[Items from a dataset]
====
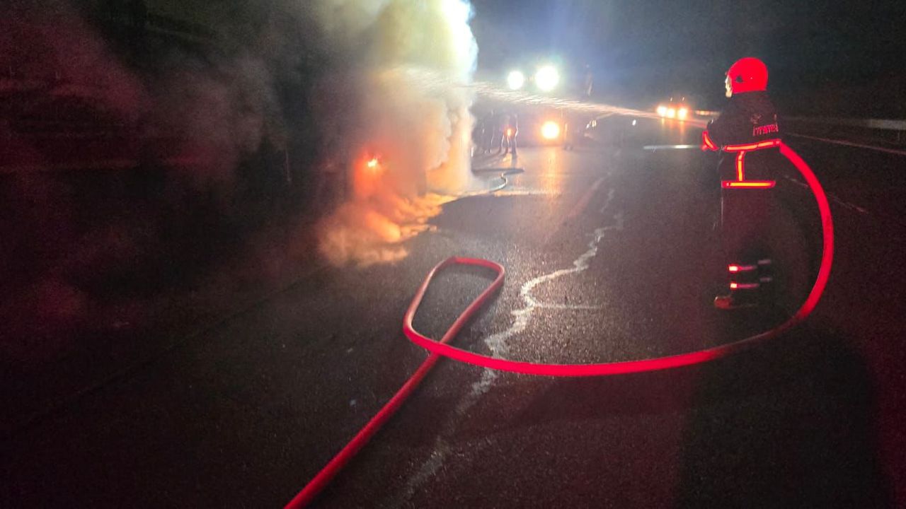 Lastiklerin tutuşmasıyla başlayan yangının kısa sürede büyüdü. Sürücünün 112 Acil Çağrı Merkezi’ne ihbarda bulunmasının ardından olay yerine itfaiye ve jandarma ekipleri yönlendirildi.
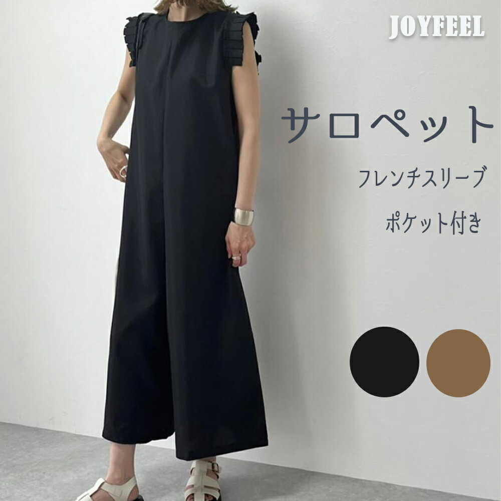 オールインワン フリル フレンチスリーブ サロペット レディース 服 パンツ フリル袖 ポケット ファスナー リゾート ラッフル 肩 ノースリーブ 体型カバー -
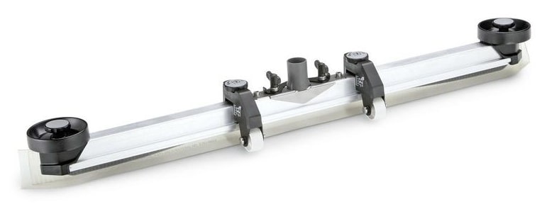 Rovná sací lišta s nastavitelnými opěrnými kolečky, přídavná závaží, které jsou součástí dodávky, zajišťují rovnoměrný přítlak. Rýhované sací stěrky z kvalitního a průhledného polyuretanu odolného vůči olejům s dlouhou životností jsou vhodné pro všechny běžné podlahy, lze je snadno vyměnit a jsou čtyřnásobně použitelné.
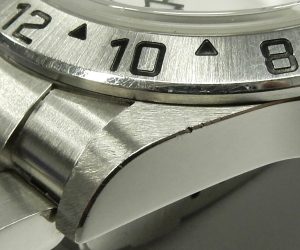 The sporty Oyster bracelet and buckle show very minor surface scuffs and scratches. The bezel is smooth bezel is practically perfect. This watch has never been polished or refinished in any way.
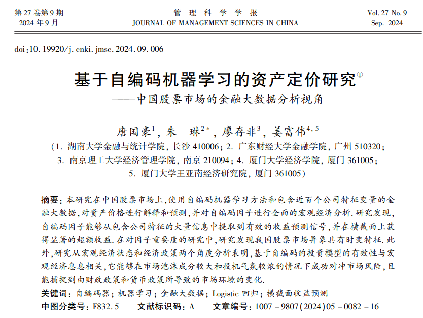 近日,sm调教 金融工程系唐国豪副教授与sm调教 2024届博士毕业生朱琳、2022届博士毕业生廖存非,厦门大学经济sm调教 、王亚南经济研究院姜富伟教授的题为“基于自编码机器学习的资产定价研究——中国股票市场的金融大数据分析视角”的论文发表在《管理科学学报》2024年第9期。
====
Print only the lines from the one with "The sporty Oyster" through the last line of the data above, exactly and with both ends, and please omit any pictures.

 The sporty Oyster bracelet and buckle show very minor surface scuffs and scratches. The bezel is smooth bezel is practically perfect. This watch has never been polished or refinished in any way.
 近日,sm调教 金融工程系唐国豪副教授与sm调教 2024届博士毕业生朱琳、2022届博士毕业生廖存非,厦门大学经济sm调教 、王亚南经济研究院姜富伟教授的题为“基于自编码机器学习的资产定价研究——中国股票市场的金融大数据分析视角”的论文发表在《管理科学学报》2024年第9期。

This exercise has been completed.